Everything from the line holding "Bordslöpare i svart" through the last line of the data, and nothing else, should be retyped exactly, with no pictures.

Source material
%%
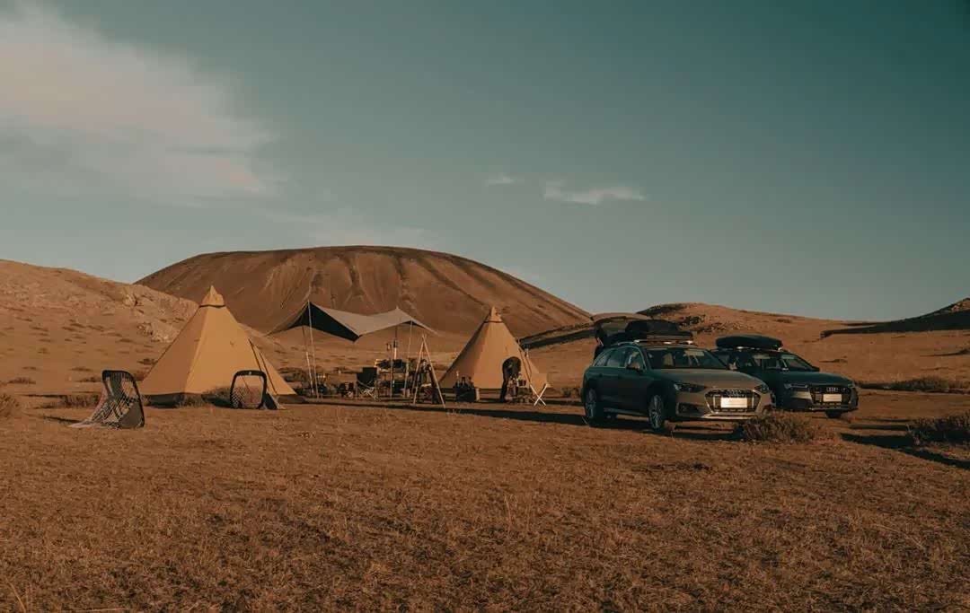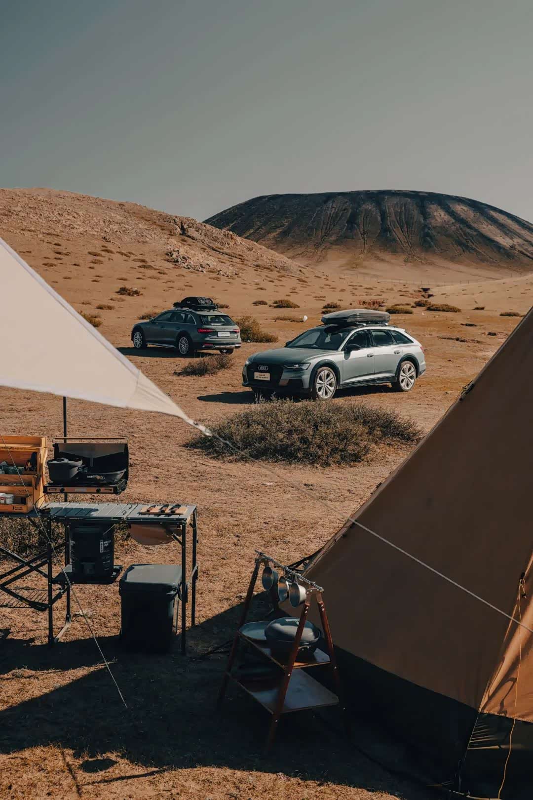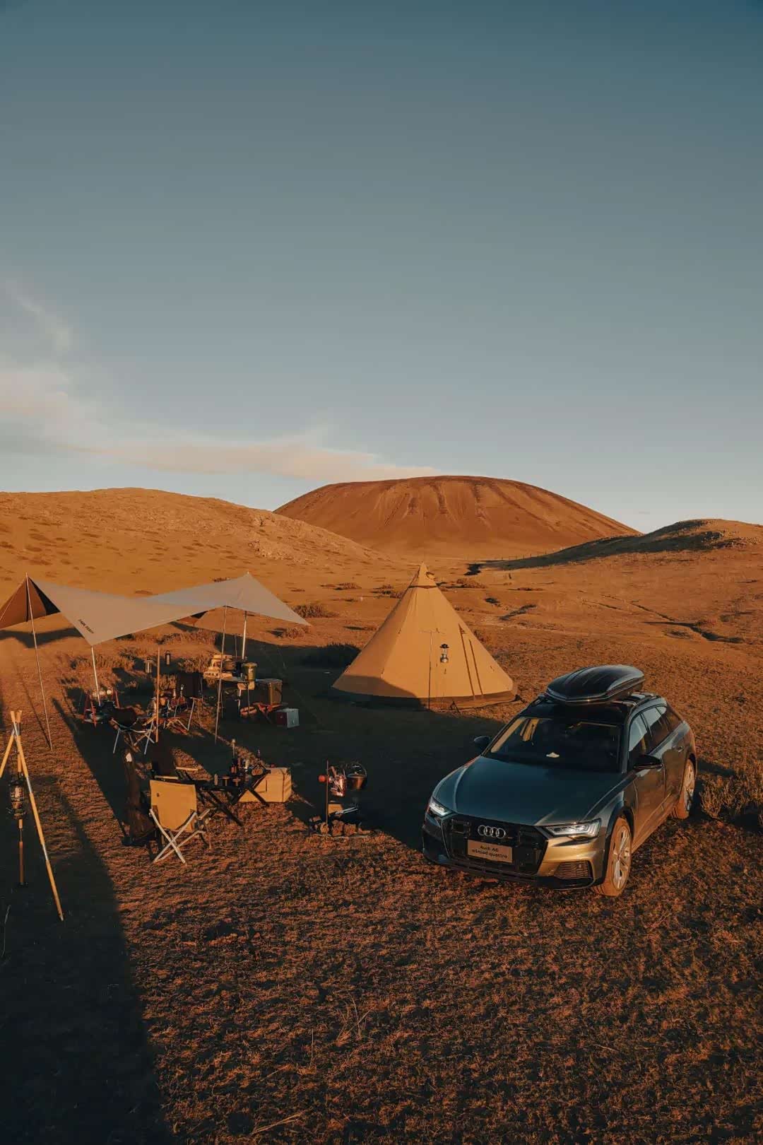 为了追求更野的露营体验,我们把营地设在了火山附近。崎岖的非铺装路面对车辆的越野能力是不小的考验。无论是A6 allroad,还是A4 allroad,都具备“越野驾驶模式”。特别是A6 allroad,强大的空气悬挂系统可以升高车辆底盘,增加车辆的通过能力。A4 allroad的底盘调校也完全可以应对全路况。
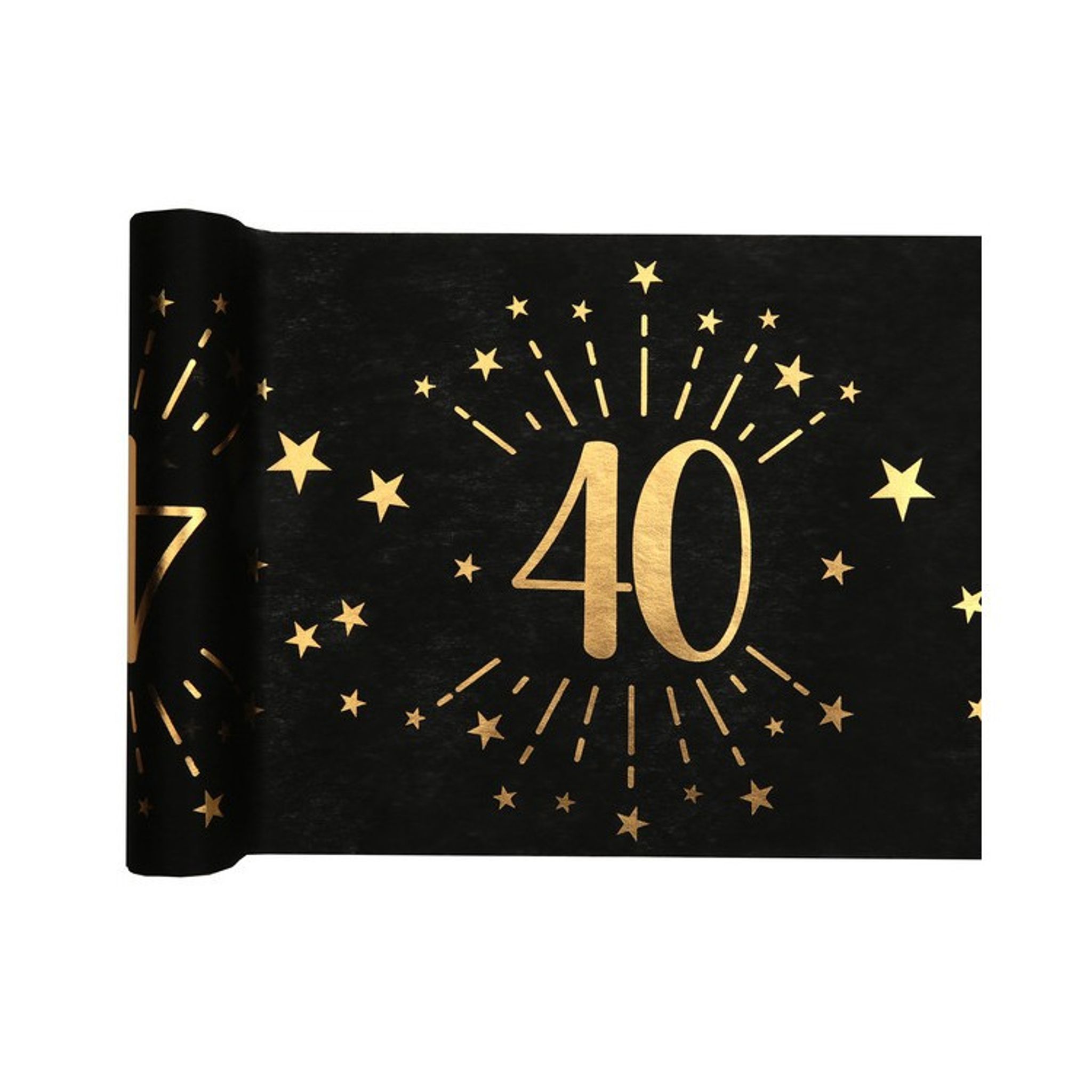 Bordslöpare i svart med guldmotiv av texten 40 samt guldiga stjärnor. Denna bordlöpare är perfekt att använda vid dukningen på 40års-festen och skapar genast en festlig känsla.
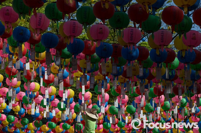 (서울=포커스뉴스) 24일 오후 서울 성북구 길상사에 부처님오신날을 앞두고 관계자가 연등을 설치하고 있다.
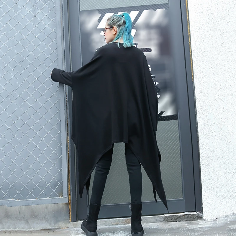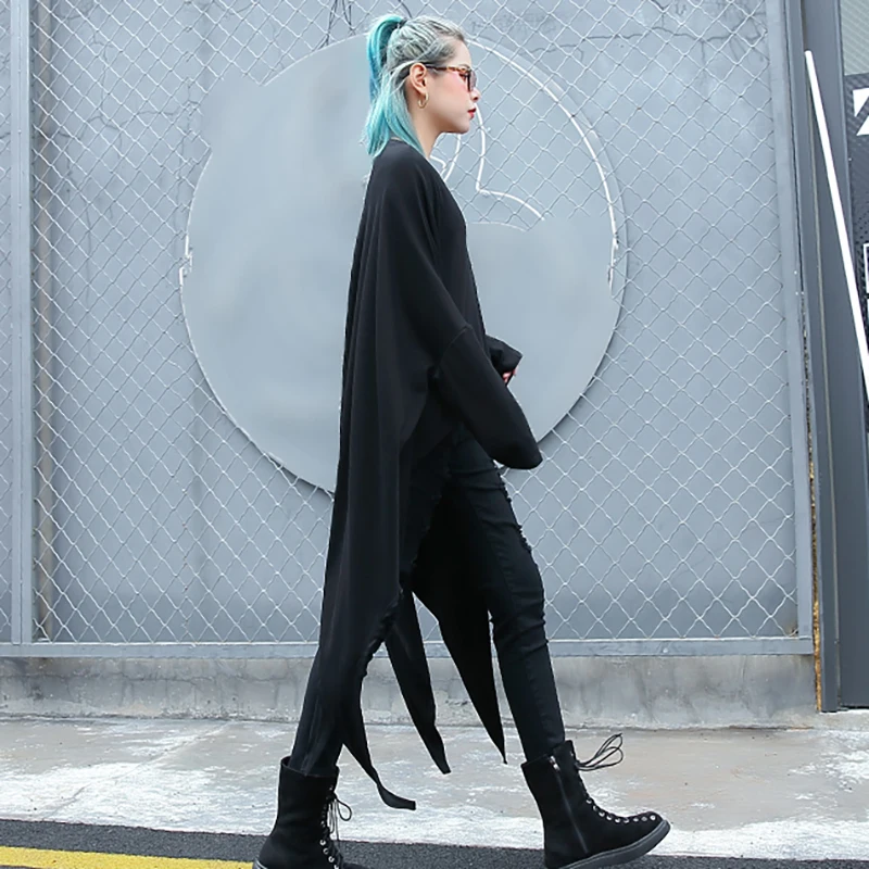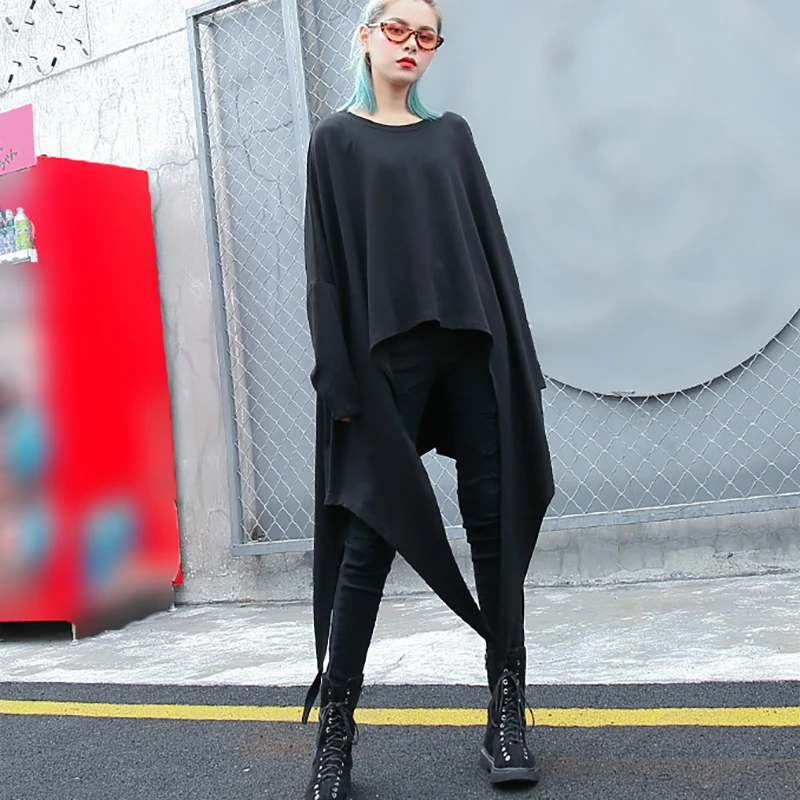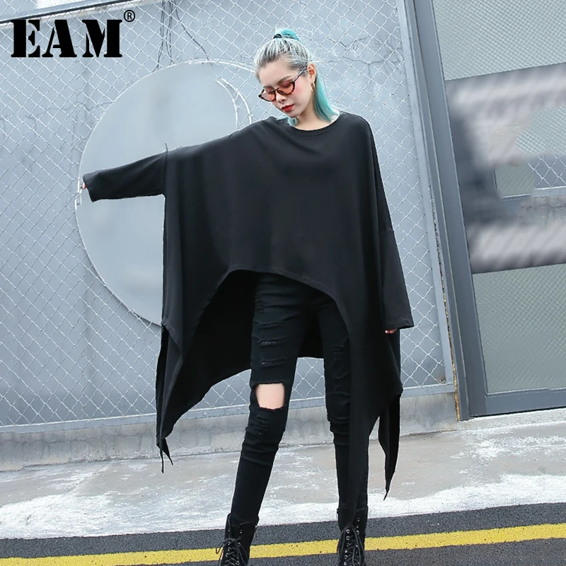 Special Offer [EAM] 2020 nuevo Otoño Invierno cuello redondo manga larga negro suelto Irregular corte Hem gran tamaño camiseta mujer moda marea JH790 Discount 17% Today!
%%
Reply to the exercise
 Bordslöpare i svart med guldmotiv av texten 40 samt guldiga stjärnor. Denna bordlöpare är perfekt att använda vid dukningen på 40års-festen och skapar genast en festlig känsla.
 (서울=포커스뉴스) 24일 오후 서울 성북구 길상사에 부처님오신날을 앞두고 관계자가 연등을 설치하고 있다.
 Special Offer [EAM] 2020 nuevo Otoño Invierno cuello redondo manga larga negro suelto Irregular corte Hem gran tamaño camiseta mujer moda marea JH790 Discount 17% Today!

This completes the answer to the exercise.